Private Collection, USA since the early 1950s
This painting is sold with a certificate of authenticity from Fanny Guillon-Laffaille.
Raoul Dufy was born into a large artistic family in Le Havre in 1887. From a family of nine children, he was the older brother of artist Jean Dufy (1888-1964), and like his brother, he would celebrate Paris as one of his favorite subjects. Raoul left school at the age of 14 to work in a coffee-importing company. In 1895, when he was 18, he started taking evening classes in art at Le Havre's École des Beaux-Arts. At the school Raoul met Raimond Lecourt and Othon Friesz. Dufy would later share a studio in Montmartre with Friesz and the two remained lifelong friends. During this period, Dufy painted primarily Norman landscapes in watercolors.
After a year of military service in 1900, Raoul won a scholarship to the École nationale supérieure des beaux-arts in Paris. During his time there he was profoundly influenced by Impressionist landscape painters, such as Claude Monet and Camille Pissarro, and post-Impressionists like Toulouse-Lautrec and Van Gogh. Dufy had his first exhibition at the Salon des Indépendants in 1903, but he abandoned Impressionism a few years later when he saw Henri Matisse’s exhibition at the Salon des Indépendants and took an interest in Fauvism. He produced works with vivid, contrasting colors and broad sweeping brush strokes. Dufy was influenced by Cézanne’s work as well, which led him to paint more subdued colors and structured compositions. He worked briefly in a Cubist-influenced style with the painters Georges Braque and Émile-Othon Friesz, but he soon returned to his more carefree Fauvist approach.

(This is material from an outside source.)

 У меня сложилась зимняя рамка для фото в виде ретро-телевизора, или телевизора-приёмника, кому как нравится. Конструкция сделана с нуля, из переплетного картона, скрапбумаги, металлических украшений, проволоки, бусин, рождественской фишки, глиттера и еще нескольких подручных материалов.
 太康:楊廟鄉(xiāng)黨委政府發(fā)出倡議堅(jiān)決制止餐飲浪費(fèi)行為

Dufy was also a successful artist in other media. In 1910 he produced a series of woodcuts to illustrate poet Guillaume Apollinaire’s Bestiary. In 1911 he started working in textile design with Paul Poiret, the most fashionable dress-designer in Europe at the time. Dufy designed fabrics for Bianchini-Ferrier, a leading French textile company and in the 1920s he designed ceramics and tapestries.
In the early 1920s he again focused on his paintings and developed his distinctive style, which was characterized by skeletal structures, arranged with foreshortened perspective, and the use of thin washes of bright colors quickly applied. Dufy painted scenes of recreation and spectacle, including horse races, regattas, parades, and concerts. He spent much of his time at the French Riviera and produced a series of paintings of Nice.

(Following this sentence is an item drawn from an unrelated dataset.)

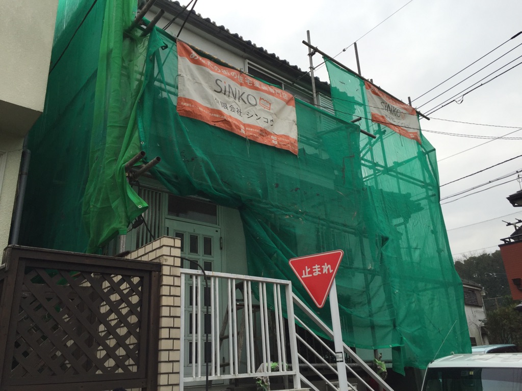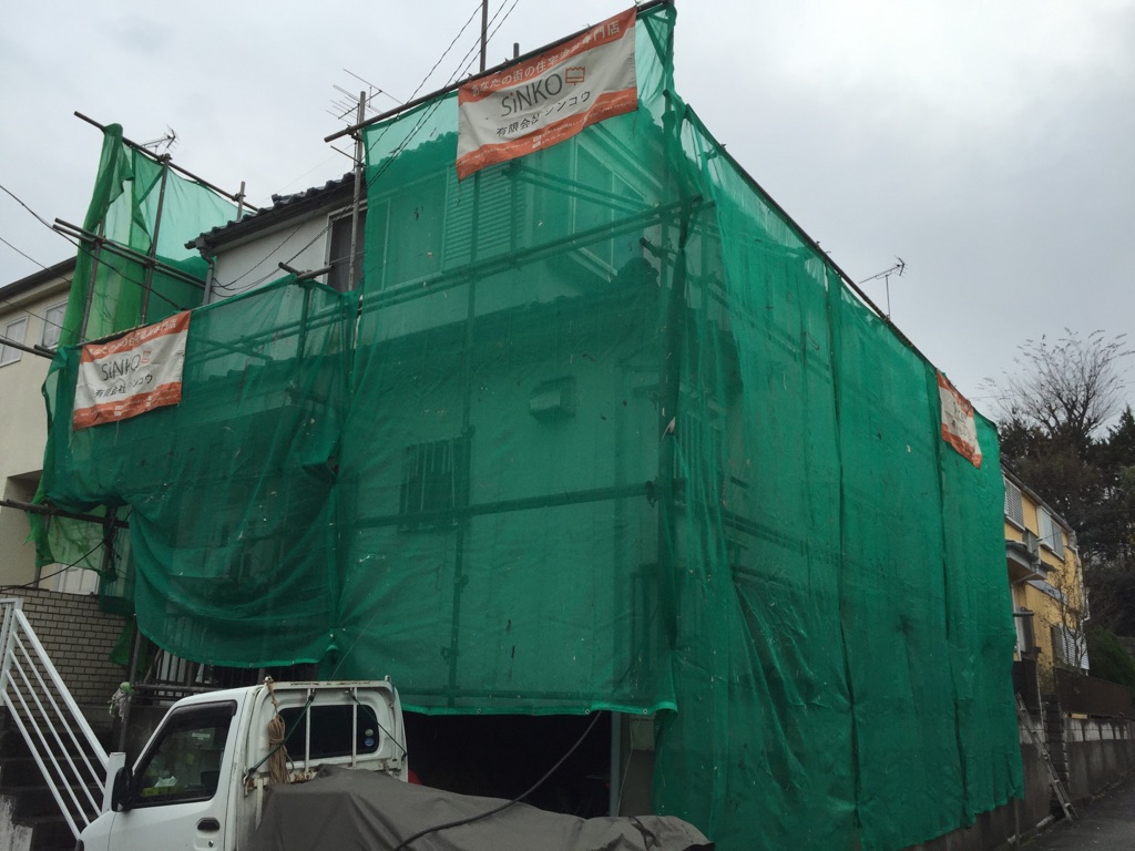 メッシュシート張り付け作業。

In the late 1940s and early 1950s, Dufy exhibited at the annual Salon des Tuileries in Paris. By 1950, his hands were struck with rheumatoid arthritis and his ability to work diminished, as he had to fasten the brush to his hand.
He travelled to Boston to undergo an experimental treatment. It proved successful, and some of his next works were dedicated to the doctors and researchers in the United States. In 1952, he was awarded the International Grand Prix at the twenty–sixth Biennale in Venice and died the next year, aged seventy-six. He was buried near Matisse in the Cimiez Monastery Cemetery in Cimiez, a suburb of the city of Nice.
Legend has it that upon Raoul Dufy’s death, Henri Matisse proclaimed: “Dufy’s work will live!” Dufy had mutual respect for his fellow Fauvist painter and was greatly influenced by his work. Although based in Paris, Dufy traveled extensively through France, often finding himself drifting toward the Coast to capture scenic sea views. Like the Impressionists, Dufy frequently painted a large number of works of the same motif, varying ever so slightly certain compositional details and color. Unlike that earlier generation of artists, Dufy’s audacious colors radically departed from natural hues, exuding the confidence of his Fauvist colleagues.
Our painting presents a cheerful and vibrant marine scene in Dufy’s unique style, depicting the boat races at Trouville and probably completed in 1935 when he was at the peak of his career. Boats bob lightly through the choppy waters as they enter the harbour. Dufy simplified the schooners and overlooking buildings to their essential forms, using thick black outlines and gestural brushstrokes. Seemingly superimposed over this view of Trouville are large, bright sections of blue, green and red. These areas of pigment are disassociated from the descriptive task of rendering the view, and yet the
colors dramatize the regatta. The sweeping brush strokes and his fearless use of color demonstrate his considerable talent. The blue and black shades create cross pattern in the water, rendering a sense of liveliness and dynamic movement.